How does it compare to matplotlib?

[–] [email protected] 7 points 1 week ago (1 children)

Plots are typical composed, and when writing a paper (I insert them mostly into TeX publications) I do find the quality of the resulting plot is just so much more refined.

Seaborn is indeed closer and was definitely inspired by ggplot2 in some areas, but IMHO, it's still not 100% there visually. I'm very much a Python user and would love it to be, but when I'm, let's say, publishing a book, I'd always go back to ggplot2 - when preparing a paper for a lab class, seaborn is probably fine.

[–] [email protected] 2 points 1 week ago

Same here. I mostly work with Python but the graphs? They are ggplot2.

Plotnine is getting there

[–] [email protected] 2 points 1 week ago* (last edited 1 week ago)
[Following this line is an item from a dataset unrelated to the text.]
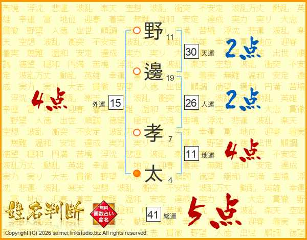 生活面を象徴する運勢です。外部から受ける影響力を表し、結婚運、家庭運や職場、環境への順応性を表します。総運から人運を引いた画数。姓や名が1文字の場合を除く。
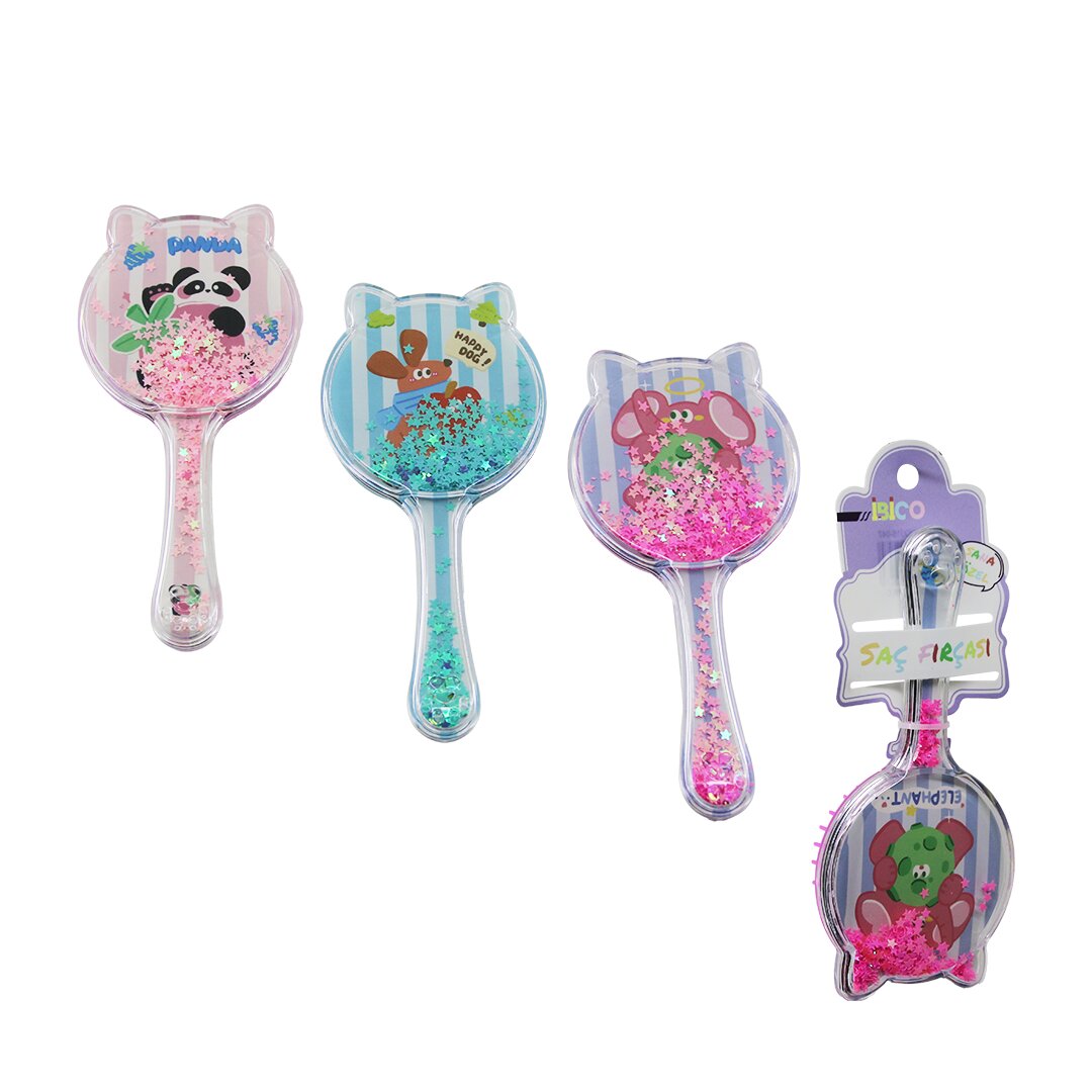KEDİ MODEL - ŞEFFAF MİKA SAPLI ÇOCUK SAÇ FIRÇASI=SİLİKON - TARAK ŞEFFAF SAP=HAYVAN RESİM - RENKLİ YILDIZLAR

It's a lot more like Seaborn. It produces gorgeous plots with a lovely syntax that is quick and easy to use, but it's not a full drawing toolkit like matplotlib.

If I need the plot to have a very precise aesthetic, mpl is great. But if I want a high quality statistical plot that looks great. ggplot2 will do it in about 2 seconds. See also plotnine.

I have no idea how op thinks they could make a decent histogram any quicker than ggplot(data) + geom_histogram(x= x). I mean you don't even have to leave your shell/editor or extract the SQL into CSV.